FDA Approves Enzalutamide for Castration-Resistant Prostate Cancer
Posted: Wednesday, July 18, 2018
On July 13, 2018, the U.S. Food and Drug Administration (FDA) approved enzalutamide (Xtandi) for patients with castration-resistant prostate cancer. This approval broadens the indicated patient population to include patients with both nonmetastatic and metastatic castration-resistant prostate cancers. Enzalutamide was previously approved for the treatment of patients with metastatic castration-resistant prostate cancer.
Approval in patients with nonmetastatic castration-resistant prostate cancer was based on the randomized, multicenter PROSPER clinical trial, which randomized 1,401 patients to receive either enzalutamide or placebo orally once daily. Patients continued on gonadotropin-releasing hormone therapy or had prior bilateral orchiectomy.
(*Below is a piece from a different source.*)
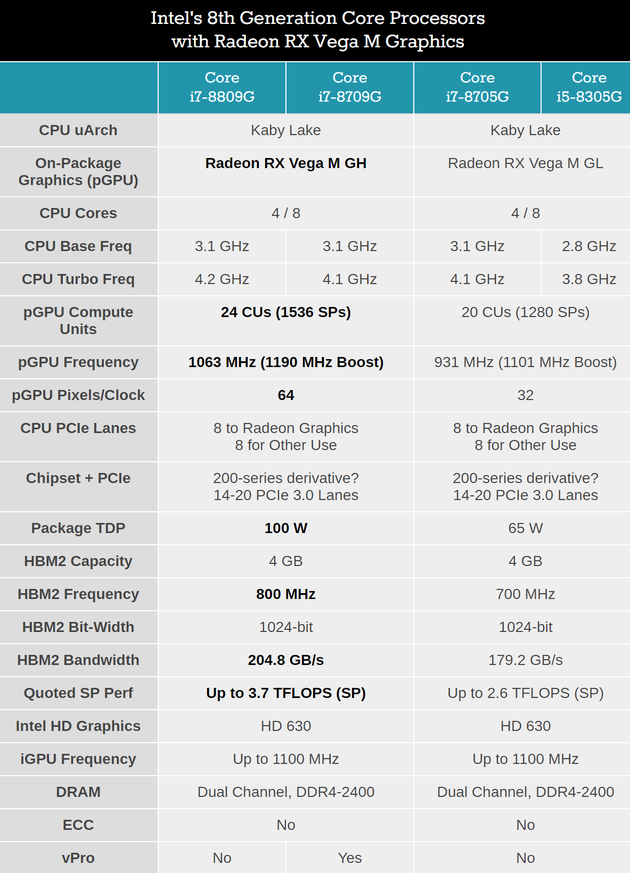 全新的第八代智能英特爾Core處理器共有兩個規(guī)格,分別是搭載Radeon RX Vega M GL顯卡的第八代Intel Core處理器(65W TDP)和搭載Radeon RX Vega M GH 顯卡的第八代Intel Core處理器(100W TDP),采用未鎖頻配置。

The trial demonstrated a statistically significant improvement in metastasis-free survival for patients receiving enzalutamide compared with those receiving placebo, with a median metastasis-free survival of 36.6 and 14.7 months, respectively.
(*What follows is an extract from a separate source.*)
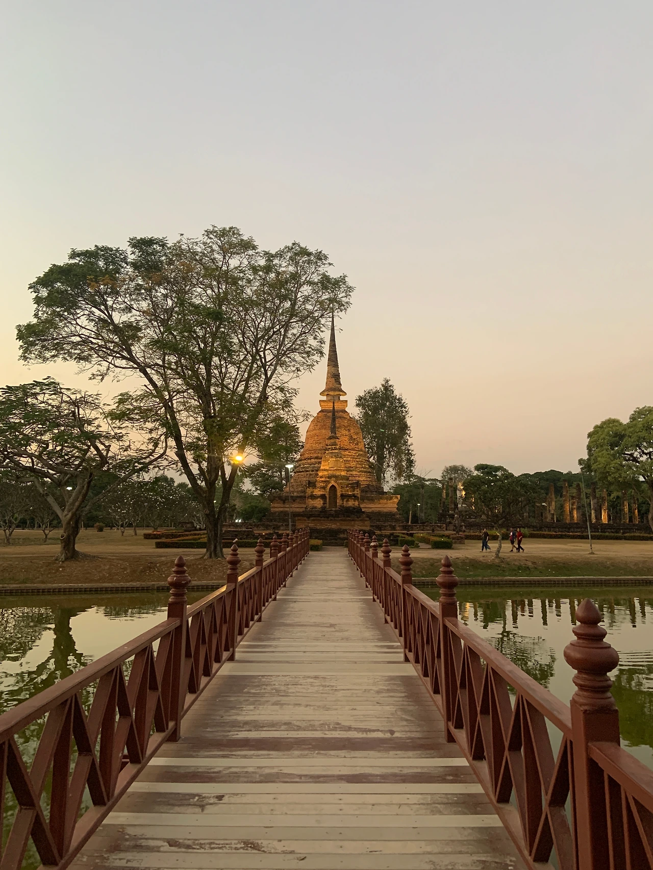 짐을 풀고 아이들은 수영장에서 쉬도록 하고, 나는 오토바이를 빌리러 다시 걸어왔던 길을 느리게 뛰면서 올드타운 중심가로 향했다. 구글 지도에도 나오지 않는 오토바이 렌털샵을 찾아 오래된 오토바이를 빌리고, 이틀 뒤에 떠나는 아유타야행 버스를 예매했다. 24시간이면 내일 오후+다음날 오전에 반납을 하면 되어 24시간 300밧인데, 36시간 500밧에 렌트를 했다. 버스 티켓도 아유타야 일정이 1박이라 이틀 뒤 아침 일찍 8:15에 출발하는 것으로 예매했다. 티켓 예매를 하면서 티켓 파는 아저씨로부터 오늘 랑캄행 대왕 행사가 밤에 있다는 소식을 듣고 아이들과 함께 행사에 참여하기 위해 준비하러 숙소로 돌아왔다. 아직까지 수영장에서 놀고 아이들을 챙겨 수코타이 역사공원으로 오토바이를 타고 이동했다. 밤에는 역사공원을 개방하지 않는데, 타이밍을 잘 맞춰 입장료도 무료에 밤의 수코타이 유적을 볼 수 있는 기회를 우연히 갖게 되었다. 밤의 수코타이는 낮과는 또 다른 모습이었다.

The most common adverse reactions (≥ 10%) that occurred more frequently (≥ 2% over placebo) in the enzalutamide-treated patients in the PROSPER trial were asthenia/fatigue, hot flush, hypertension, dizziness, nausea, and falls. Grade 3 or higher adverse reactions were reported in 31% of men treated with enzalutamide plus androgen-deprivation therapy and in 23% of men treated with androgen-deprivation therapy alone.
Data from the PROSPER trial were recently published in The New England Journal of Medicine.